WEST VALLEY CITY Christmas extended itself this year.
And by the looks of the musical and visual gifts the Trans-Siberian Orchestra left at the E Center Thursday, the audience must have been very good, indeed.
What's more, TSO, as it is known by fans around the country, chose Utah for the final date of its annual Christmas tour.
While other bands sometimes rush through its sets on its last date, TSO featuring guitarists Al Pitrelli and Angus Clark, keyboardist Carmine Giglio, drummer John O'Reilly, bassist Johnny Lee Middleton and pianist Jane Mangini (Pitrelli's wife) took its time and made sure each note and visual aspect of the show was executed with care.
The lasers added to the excitement of the production where the stage lights stopped and the flashpots and other pyrotechnics kicked the show up a notch.
However, the concert wouldn't have been anything without the music. Each one of Pitrelli and Clark's leads touched the soul of the arrangements. The keyboards and piano added reverence to the story line narration by Anthony Gaynor.
Also joining the band was a string octet comprised of seven members of the Utah Symphony & Opera, and Anna Phoebe, TSO's own violinist.
The mix of the show was balanced and clean. No feedback interrupted the heartfelt vocal solos by Michael Lanning, Jill Gioia, Guy LeMonnier, Tommy Farese and Graham Tracey.

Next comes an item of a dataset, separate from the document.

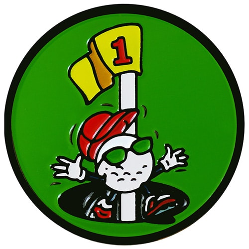 Hole in One Celebration golf ball markers are 24.5mm round, are made of iron, and plated in black nickel. Choose Hole in One Celebration Teena or Hole in One Celebration You Da Man. Each ball marker is hand painted with raised metal and include a matching magnetic hat clip. The hat clip has strong magnet that keeps your ball marker in place until you are ready to remove it. Upgrade to a switchblade divot tool, necklace, divot tool hat clip, or shoe clip for a small additional charge. Wholesale pricing available.

Power chords highlighted classic Christmas carols, such as a medley of "O Come All Ye Faithful" and "O Holy Night." The musicians offered up their musical prowess during "A Mad Russian's Christmas" and the breakthrough single "Christmas Eve/Sarajevo 12/24."
Gioia belted out "Good King Joy," and Farese took center stage during "Ornament." LeMonnier, who has performed in various musical theatre works in New York, filled the hall with his passionate voice on "An Angel Came Down," and Lanning took on the blues with "The Prince of Peace." Not to be left out in the cold, Tracey warmed his hands and the hearts of the audience with "Old City Bar."

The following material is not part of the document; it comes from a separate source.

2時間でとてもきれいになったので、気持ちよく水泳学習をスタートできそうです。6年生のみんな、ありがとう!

During the second half of the show, vocalist Kristin Gorman hit the operatic soprano notes during "Anno Domine," and the keyboardists once more dueled it out with classical, ragtime and blues riffs during "Wish Liszt."
The mixing of rock and classical came to a head with the TSO version of Carl Orff's "Carmina Burana" and Pachelbel's "Canon," rechristened "Christmas Canon Rock." And the audience rewarded the band with a few well-deserved standing ovation. In fact, it didn't want the band to stop and lined up in the E Center lobby for autographs.